ParisTech : une ambition revisitée

Dossier : ExpressionsMagazine N°691 Janvier 2014
Par Yves POILANE (79)

Des hauts et des bas
La mar­que Paris­Tech fut une véri­ta­ble trou­vaille pour con­sacr­er en 1999 la coopéra­tion informelle ini­tiée en 1991 entre neuf grandes écoles d’ingénieurs parisi­ennes. Cette puis­sance évo­ca­trice de la mar­que à l’international a soutenu le développe­ment de Paris­Tech, mal­gré des hauts et des bas :

  • un « pic his­torique » en 2006–2007, lorsqu’il a été recon­nu par le min­istère de la Recherche et de l’Enseignement supérieur comme Pôle de recherche et d’enseignement supérieur (PRES) ;
  • un « creux his­torique » en févri­er 2012 lorsque l’État français a défini­tive­ment con­sacré une organ­i­sa­tion de l’enseignement supérieur autour de cam­pus géographiques.
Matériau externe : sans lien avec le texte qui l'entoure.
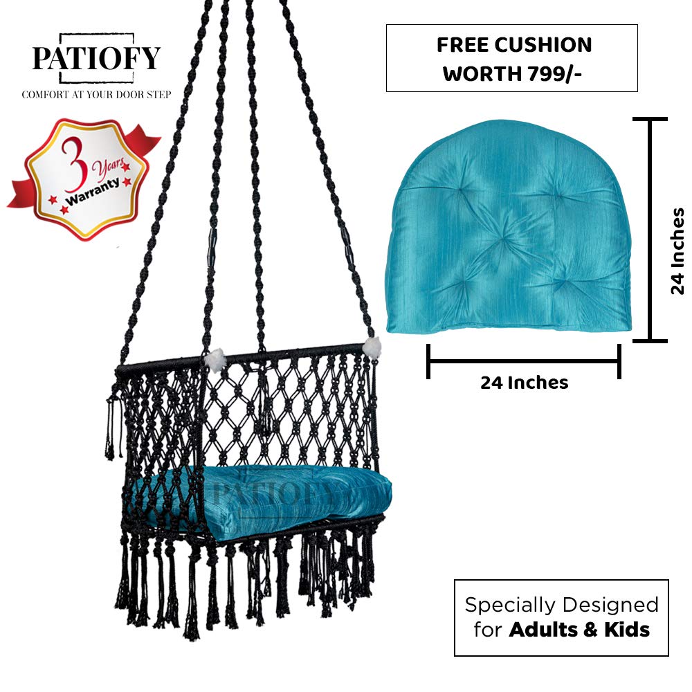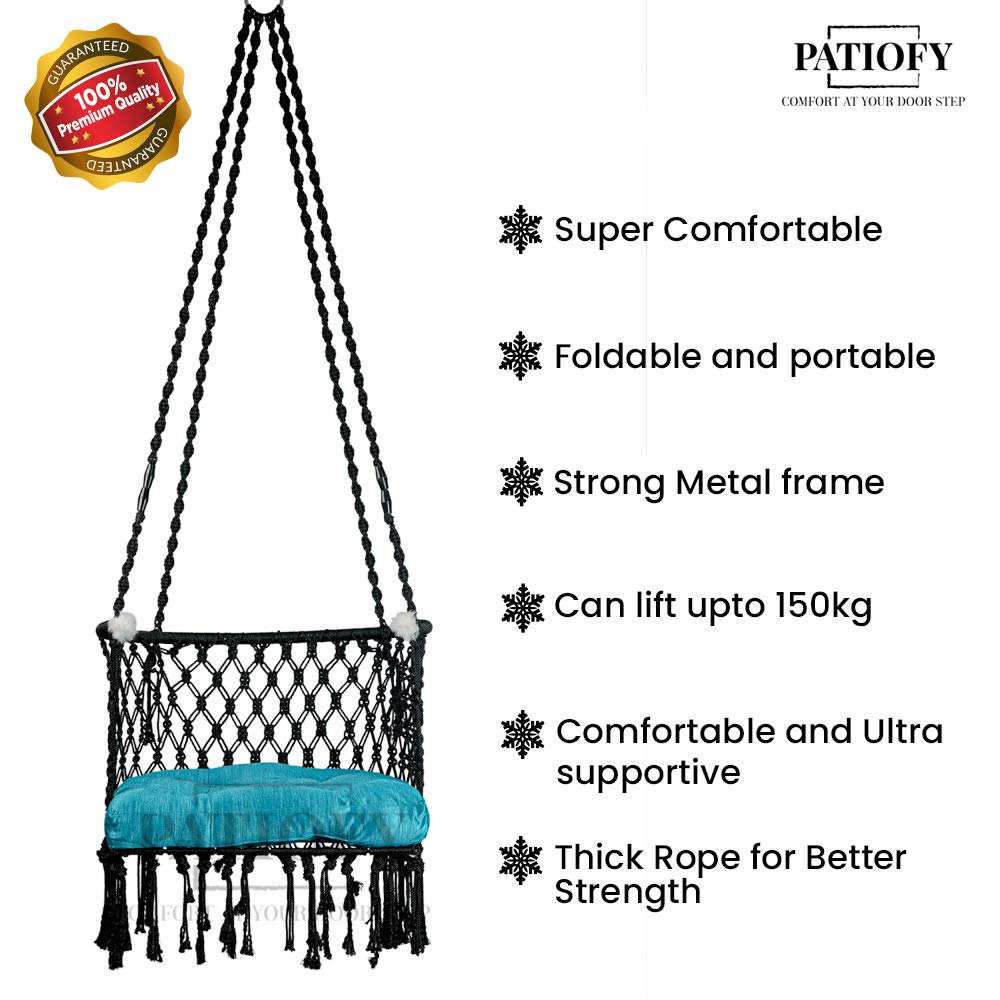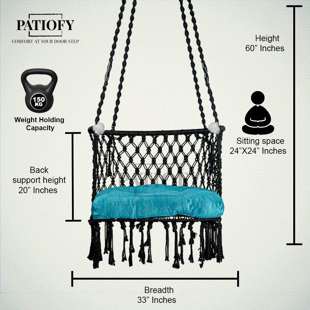 • SWING CHAIR PRODUCT SPECIFICATIONS: Built with strong and durable cotton rope with extra thickness for maximum stability and comfort, the entire swing measures at Length: 33", Breadth: 33", Full Height: 60", Sitting Depth: 24", Cushion Length: 24" and Breadth: 24", Weight-bearing capacity 150Kgs, Color: Black Swing with Blue Cushion, Swing Shape: C- Shape.

En 1991, c’est grâce à l’initiative de Jacques Lévy, directeur de « l’École des Mines de Paris » de l’époque et à l’enthousiasme de Pierre-Gilles de Gennes, alors directeur de l’ESPCI, que huit grandes écoles d’ingénieurs se rassem­blent au sein du « Groupe des écoles d’ingénieurs de Paris » pour « col­la­bor­er dans les domaines d’intérêt com­mun et acquérir, grâce à une taille suff­isante, une recon­nais­sance internationale ».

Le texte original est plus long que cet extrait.